## Your objective:
Transcribe the listing below verbatim, omitting pictures.

## Provided material:
"""

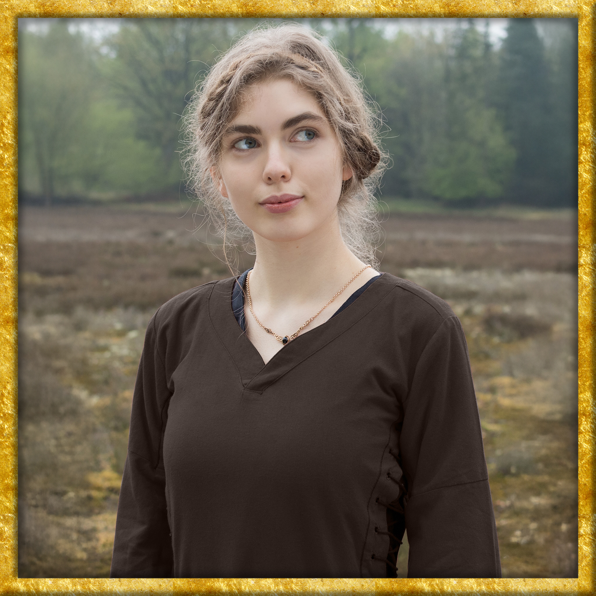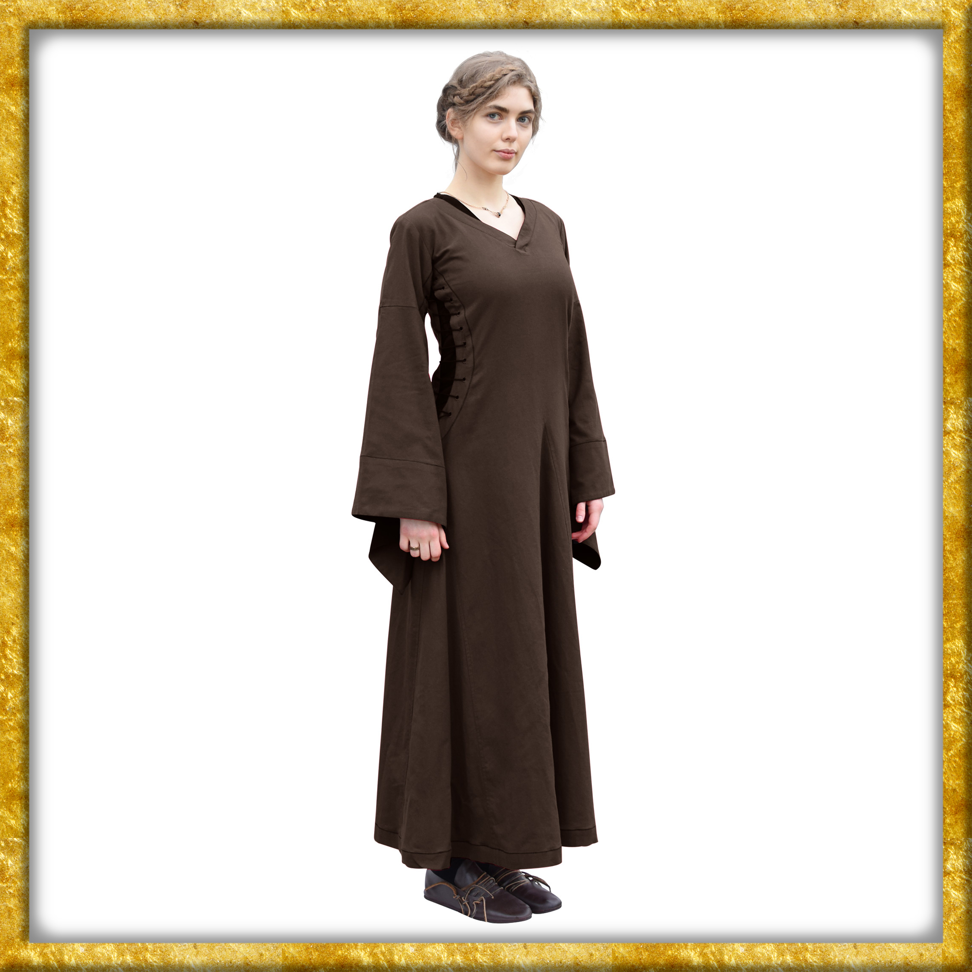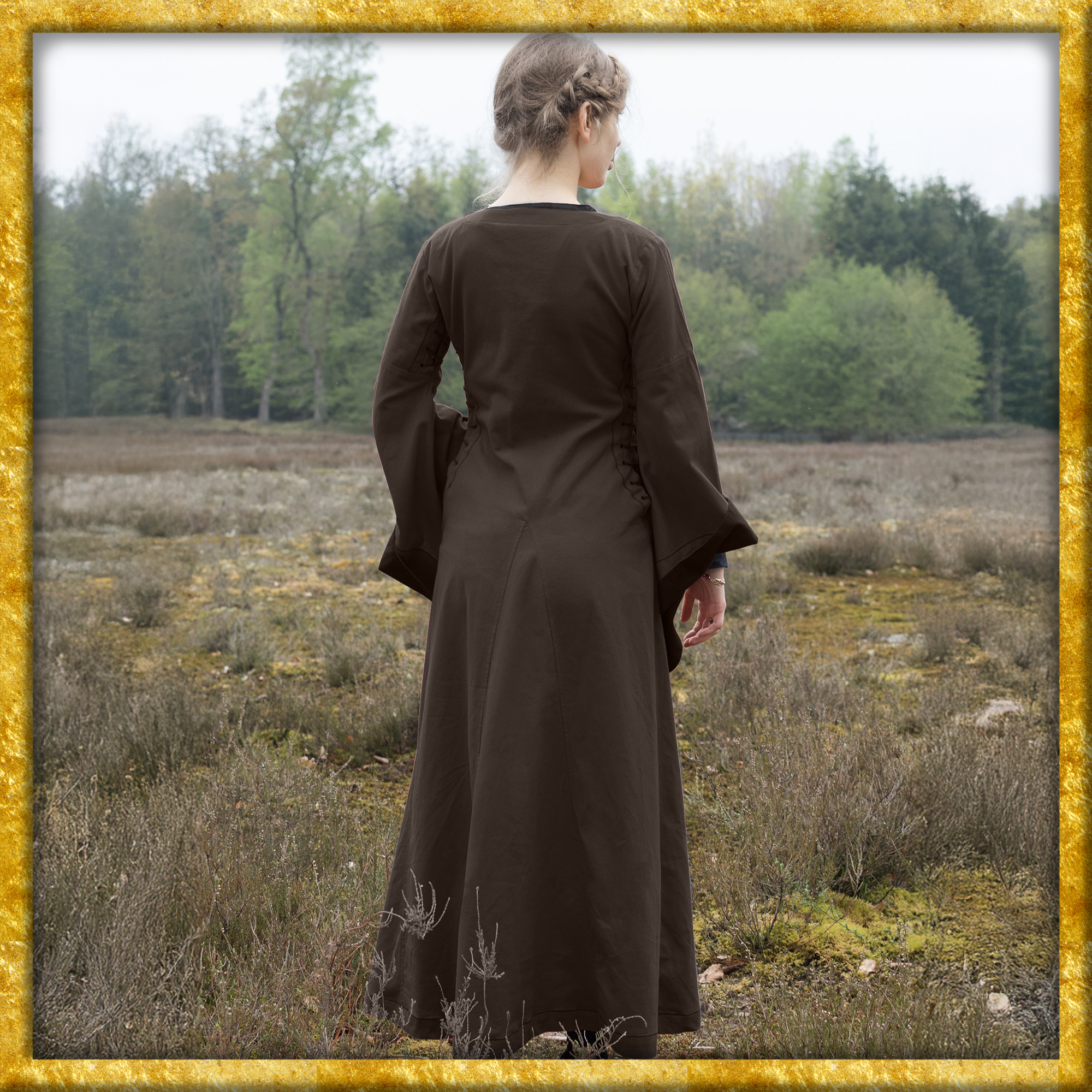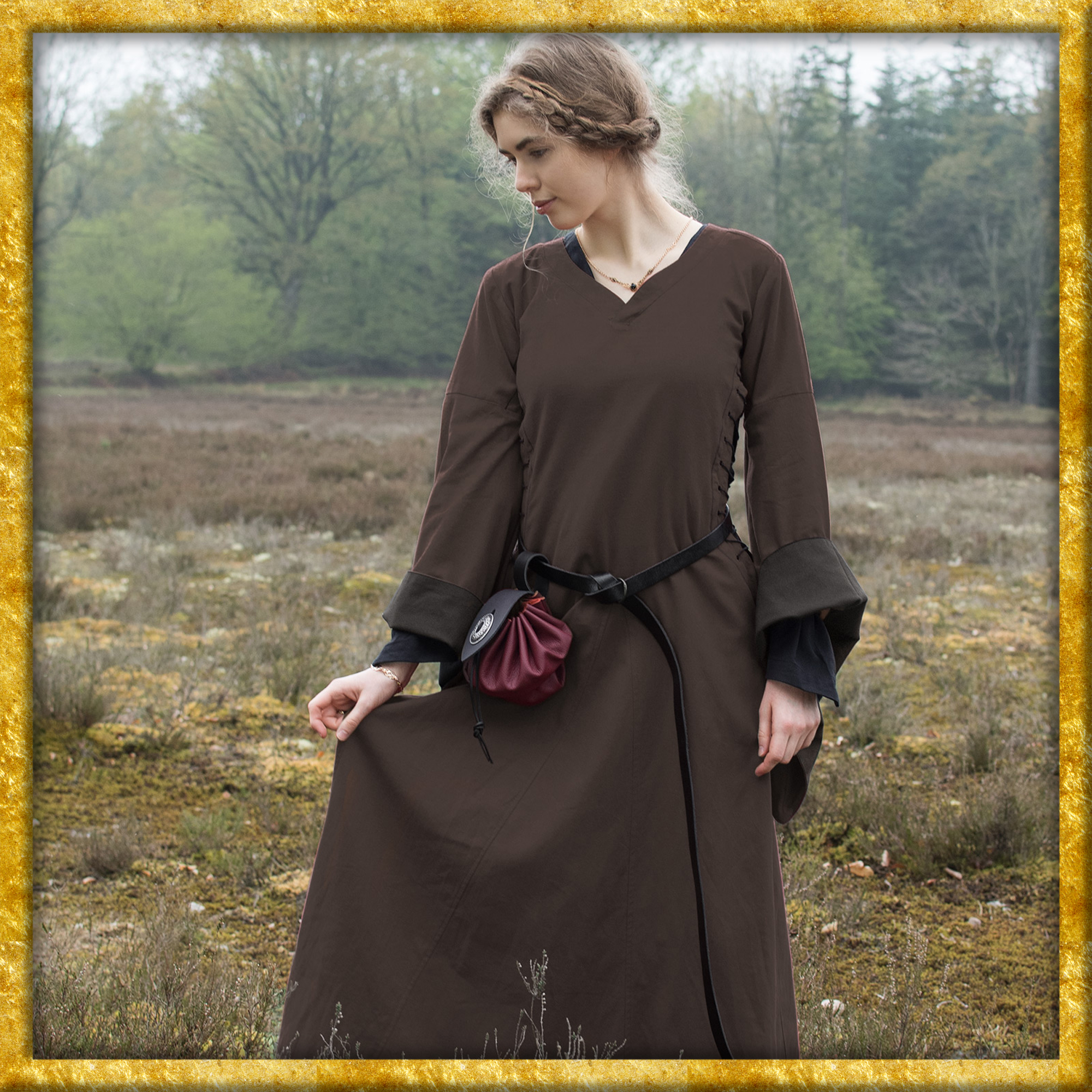 Dieses lange mittelalterliche Kleid aus Baumwollstoff ist tailliert geschnitten und hat farblich abgesetzte Details. Die Seitennähte sind ab der Hüfte bis zum Oberarm offen und mit einer Schnürung versehen - so lässt sich das Damenkleid individuell dem Körper anpassen. Diese seitlichen Öffnungen nennt man Höllenfenster, da sie den Blick auf das Untergewand freigeben und von der Kirche gar nicht gern gesehen war. Die Schnürbänder sind mit Nestelspitzen aus Metall versehen und lassen sich problemlos durch die gestickten Ösen fädeln. Im Rockteil sind seitlich und mittig sogenannte Geren (Stoffkeile) eingesetzt, die eine großzügige Saumweite erzeugen. Die ausgestellten Trompetenärmel und die Ziernähte am Ärmelsaum und um die Höllenfenster geben dem Kleid einen noblen Charakter.
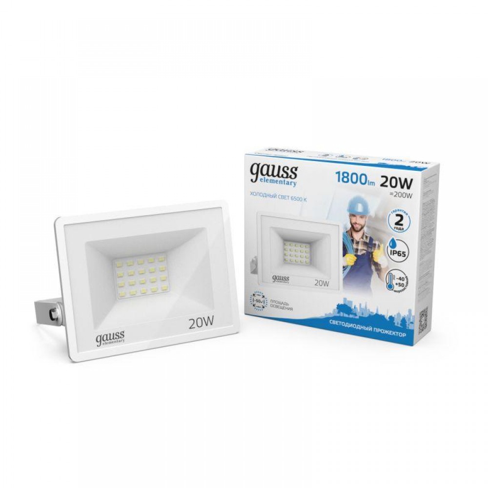 Прожектор светодиодный Elementary 20Вт 6500К IP65 1800лм 200-240В ДО бел. GAUSS 613120320
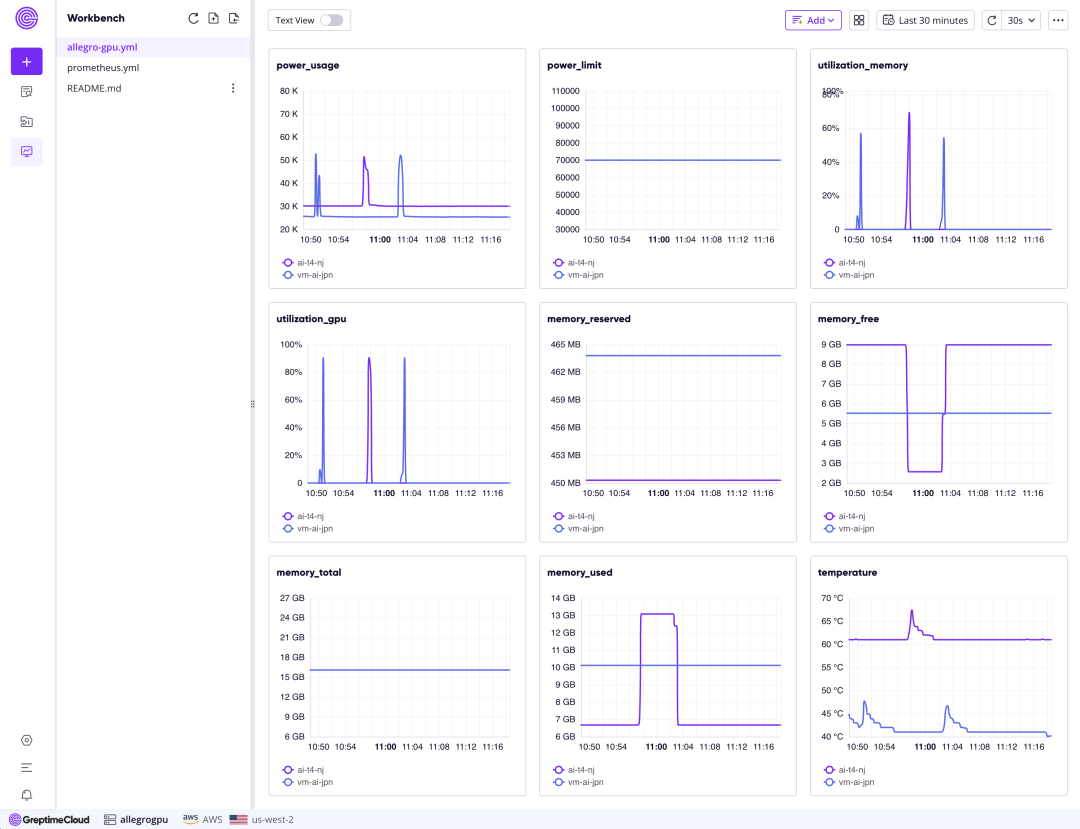 下图为一个实时监控 GPU 服务器的性能监测看板示例:

"""

## Written reply:
 Dieses lange mittelalterliche Kleid aus Baumwollstoff ist tailliert geschnitten und hat farblich abgesetzte Details. Die Seitennähte sind ab der Hüfte bis zum Oberarm offen und mit einer Schnürung versehen - so lässt sich das Damenkleid individuell dem Körper anpassen. Diese seitlichen Öffnungen nennt man Höllenfenster, da sie den Blick auf das Untergewand freigeben und von der Kirche gar nicht gern gesehen war. Die Schnürbänder sind mit Nestelspitzen aus Metall versehen und lassen sich problemlos durch die gestickten Ösen fädeln. Im Rockteil sind seitlich und mittig sogenannte Geren (Stoffkeile) eingesetzt, die eine großzügige Saumweite erzeugen. Die ausgestellten Trompetenärmel und die Ziernähte am Ärmelsaum und um die Höllenfenster geben dem Kleid einen noblen Charakter.
 Прожектор светодиодный Elementary 20Вт 6500К IP65 1800лм 200-240В ДО бел. GAUSS 613120320
 下图为一个实时监控 GPU 服务器的性能监测看板示例:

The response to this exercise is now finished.